## Material provided

────────

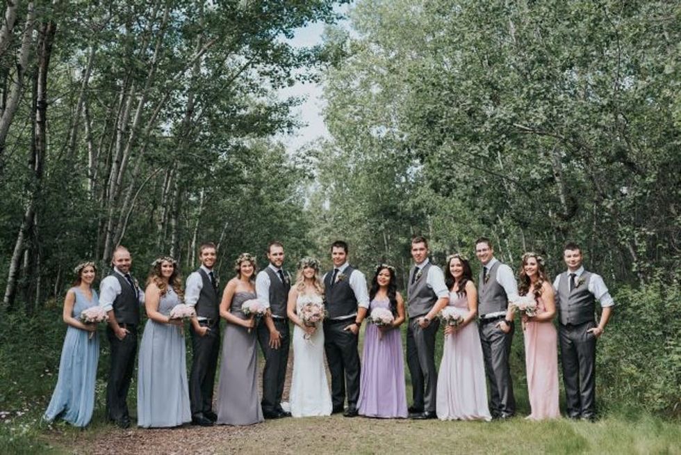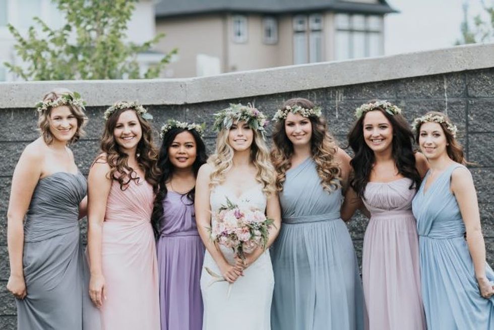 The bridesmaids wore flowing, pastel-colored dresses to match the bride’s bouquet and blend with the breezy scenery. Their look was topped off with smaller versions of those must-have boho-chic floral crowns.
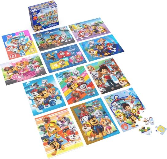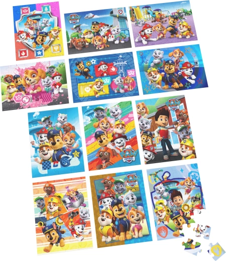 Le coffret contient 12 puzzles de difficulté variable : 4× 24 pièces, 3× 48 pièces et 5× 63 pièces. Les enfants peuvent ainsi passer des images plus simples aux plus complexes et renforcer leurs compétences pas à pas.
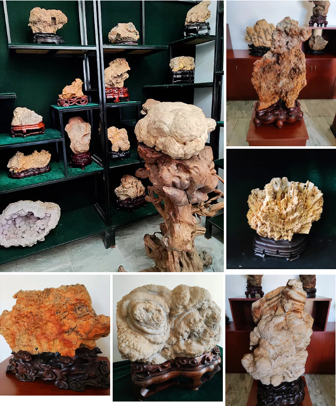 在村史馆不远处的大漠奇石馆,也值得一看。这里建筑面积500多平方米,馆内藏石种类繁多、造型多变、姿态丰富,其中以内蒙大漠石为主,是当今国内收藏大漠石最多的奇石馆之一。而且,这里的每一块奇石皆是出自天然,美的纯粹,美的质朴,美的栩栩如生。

────────

## What you will do
Without changing a word, restate the listing above; the pictures stay out.

## Written answer
 The bridesmaids wore flowing, pastel-colored dresses to match the bride’s bouquet and blend with the breezy scenery. Their look was topped off with smaller versions of those must-have boho-chic floral crowns.
 Le coffret contient 12 puzzles de difficulté variable : 4× 24 pièces, 3× 48 pièces et 5× 63 pièces. Les enfants peuvent ainsi passer des images plus simples aux plus complexes et renforcer leurs compétences pas à pas.
 在村史馆不远处的大漠奇石馆,也值得一看。这里建筑面积500多平方米,馆内藏石种类繁多、造型多变、姿态丰富,其中以内蒙大漠石为主,是当今国内收藏大漠石最多的奇石馆之一。而且,这里的每一块奇石皆是出自天然,美的纯粹,美的质朴,美的栩栩如生。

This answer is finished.